Crops in silico: a multi-scale modeling platform

Tools capable of predicting emergent crop phenotypes in response to climate change are needed to evaluate risk to food security and direct research efforts toward making educated decisions about which metabolic pathways to modify. Individual models are limited in their ability to provide a holistic view of plant or ecosystem response to global change. To address this limitation, we are generating a multi-scale modeling platform called yggdrasil to provide a quantitative knowledge framework where the implications of a discovery at one level can be examined at the whole plant or even crop or natural ecosystem levels. This community effort will generate new insights into plant biology as well as new modalities for collaboration and integration among plant biologists, engineers, and computer scientists.

This project is funded by the Foundation for Food and Agriculture Research (FFAR): Award number 602757


Nitrogen Network Dynamics: Integration of metabolome and transcriptome response to nitrogen signal

For this project, we utilize a systems biology approach to collectively analyze and integrate time-dependent data from the various components of the N-regulatory network controlling N-assimilation in Arabidopsis. This approach allows us to dynamically model the flow of N-signal propagation through the N-regulatory network on a systems-wide level and identify the transcriptional cascade involved in this regulation. To achieve this goal, high-resolution kinetic transcriptome data, metabolite and metabolic flux data generated using 15N, are used to track the flow of N-assimilation products in concert with changes in the N-regulatory network in response to N-treatments and genetic perturbations. By integrating metabolites into the regulatory networks, they can be modeled as both “input signals” regulating gene expression and as “outputs” of the metabolic pathway.

Relevant Publication:

Varala K.*, A. Marshall-Colon*, J. Cirrone*, M. Brooks, A.V. Pasquino, S. Leran, S. Mittal, T. Rock, M.B. Edwards, G.J. Kim, S. Ruffel, W.R. McCombie, D. Shasha, and G.M. Coruzzi. 2018. The temporal transcriptional logic of dynamic regulatory networks underlying nitrogen signaling and use in plants. PNAS.

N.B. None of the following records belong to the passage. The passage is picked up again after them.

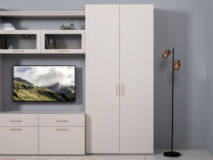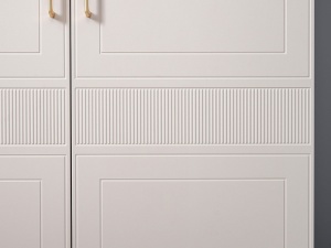 Фасады данной модели характеризуются оригинальной структурной композицией, которая придает изделию уникальный визуальный облик. Конструктивное решение шкафа предусматривает наличие двух глухих распашных дверей, обеспечивающих доступ к внутреннему пространству.
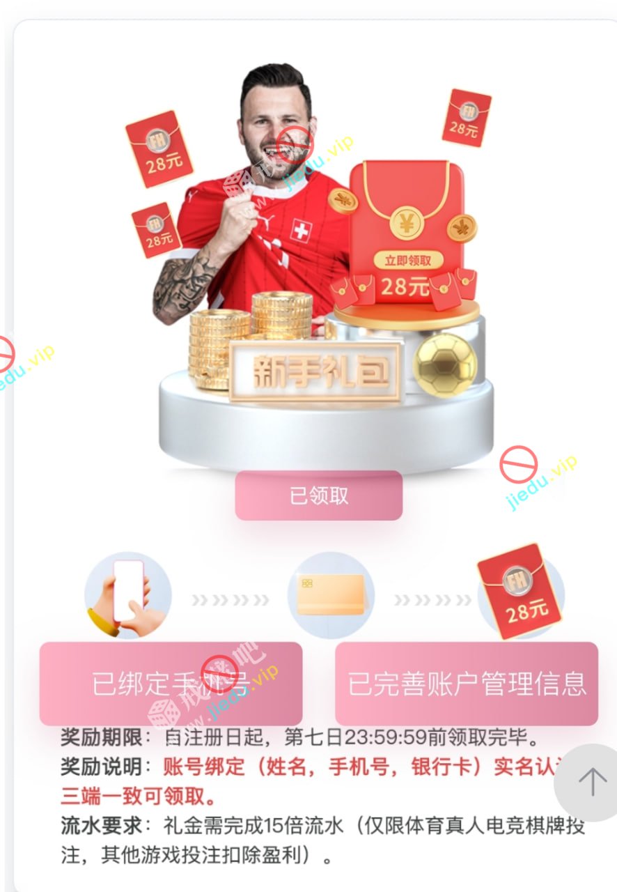 凤凰体育绑卡,绑手机 ,名字,需三端一致,新用户注册绑卡绑定手机号,看图优惠中心自助领取28/100提,彩金只能玩体育真人棋牌。
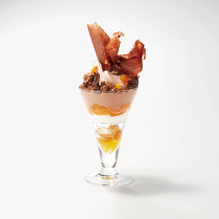 2024年に代官山に新店舗をオープン予定の大注目のスイーツブランドは、素材の美味しさと印象的な味が魅力。サロショでいただけるのは、柑橘とショコラのパフェ。エクアドル産カカオ“アチェ52%”と日本の柑橘のマリアージュはもちろん、多彩な食感を楽しんで。クープショコラ「アグリューム&フィザリス」(1人前)¥3,960
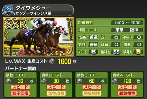 | スタート:B | 勝負根性:S | 瞬発力:SS |
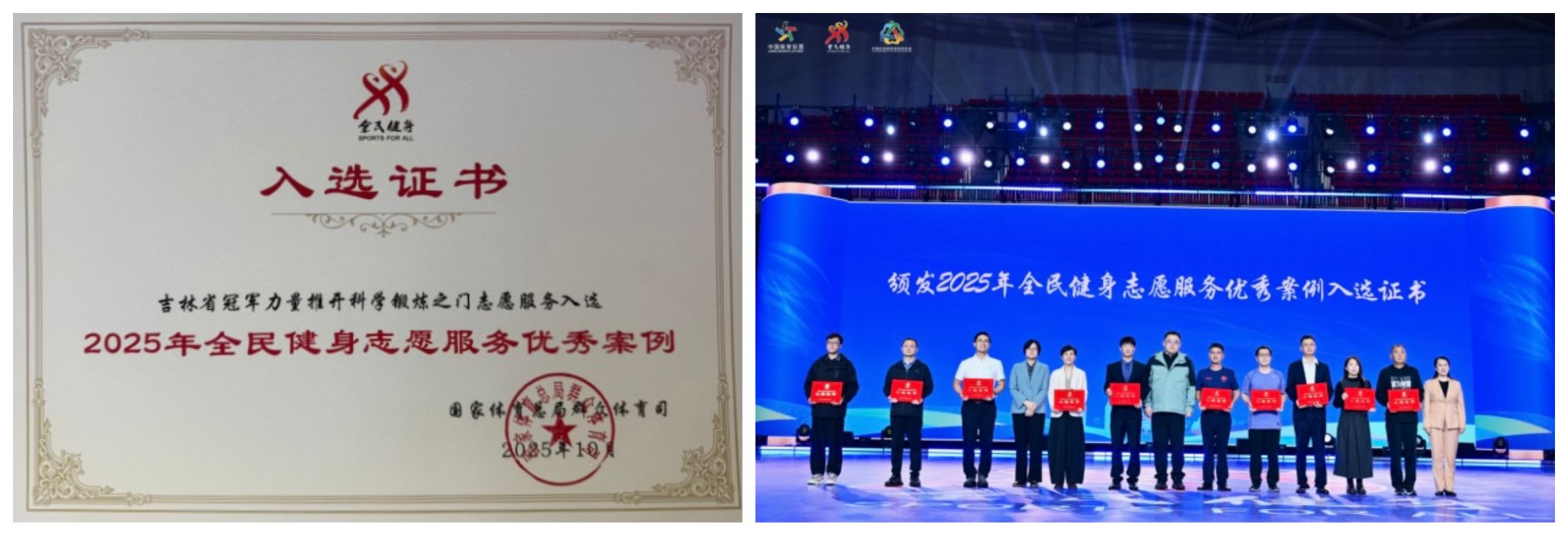 10月16日,国家体育总局公布了2025年全民健身志愿服务优秀案例,我校报送的《冠军力量——推开科学健身锻炼之门》获评全国优秀案例,是获得现场颁奖的十个单位之一。
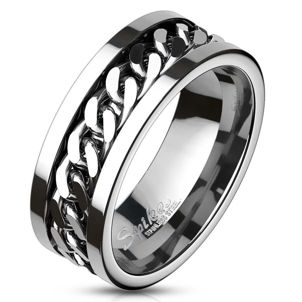 Ocelový prsten s rotačním prvkem v podobě dekorativního řetězu
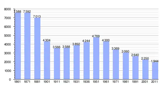 | Variação demográfica do município entre 1861 e 2011[3] |
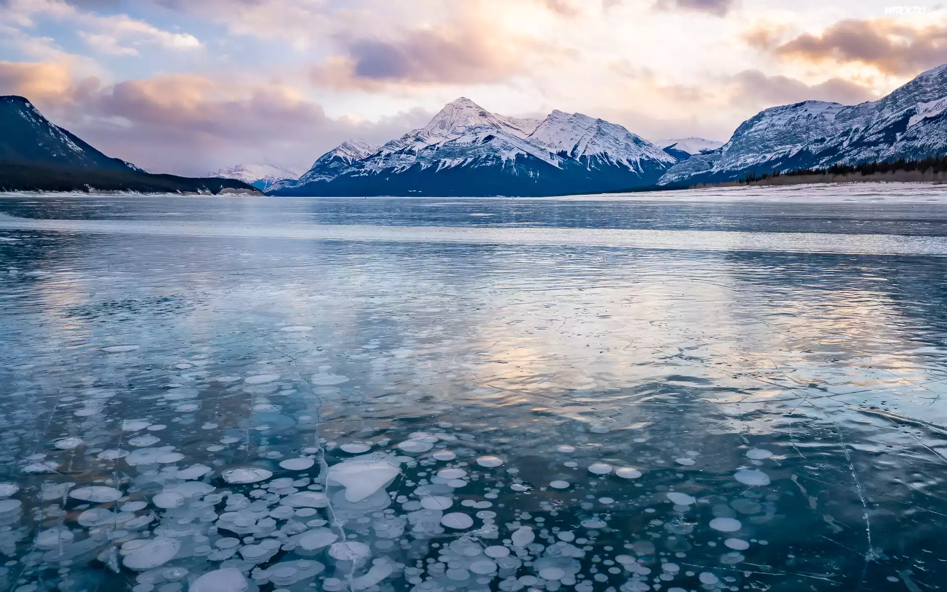 Zdjęcia, Góry, Zamarznięte, Jezioro Abraham, Zachód słońca, Alberta, Kanada
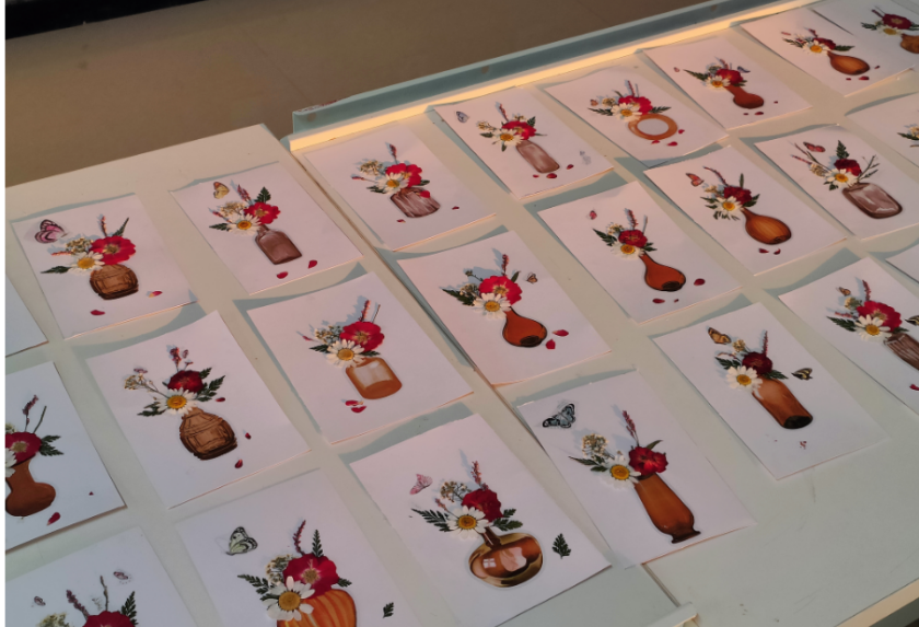压花制作环节,学生们学习如何将鲜花进行压制和保存。通过亲手制作,学生们体验到了压花艺术的魅力,也了解了植物在园林设计中的重要性。
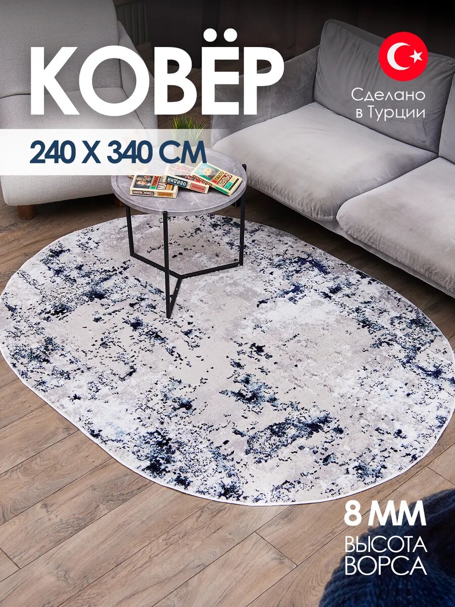 Ковер овальный, противоскользящее покрытие, гипоаллергенный, 240х340 см, сине-бежевый информация:

Systems genetics of symbiotic quality and environmental response in legume-rhizobium mutualism

Molecular traits are likely targets of natural selection, and are thus integral to a mechanistic understanding of evolutionary change. In this project, we are building network models capable of making gene-to-trait predictions for the ecologically- and evolutionarily- important symbiosis between leguminous plants and nitrogen (N)-fixing rhizobium bacteria. Here, we integrate genome-wide nucleotide variation with phenotypic and molecular estimates of symbiotic partner quality using a range of high- and low-partner quality rhizobia grown in both high-N and low-N soil environments. Our central objective is to use naturally-occurring variation in rhizobia to better resolve the genetic, molecular, and environmental regulation of plant and rhizobium metabolic pathways contributing to mutualism decline in high N environments.

This project is funded by the NSF (Award number 1645875) in collaboration with:

Katy Heath:


Center for Advanced Bioenergy and Bioproduct Innovation (CABBI)

Our work with the DOE funded CABBI BRC is focused on increasing our understanding of grass stem biology. We are using transcriptome and metabolome data to build stem-specific gene networks and identify modes of regulation. By identifying stem-preferred genes and exploring their regulatory promoters, we may be able to synthetically and specifically drive the expression of genes involved in oil biosynthesis and transport in grass stems, while avoiding the negative effects of constitutive promoter expression, such as dwarfing.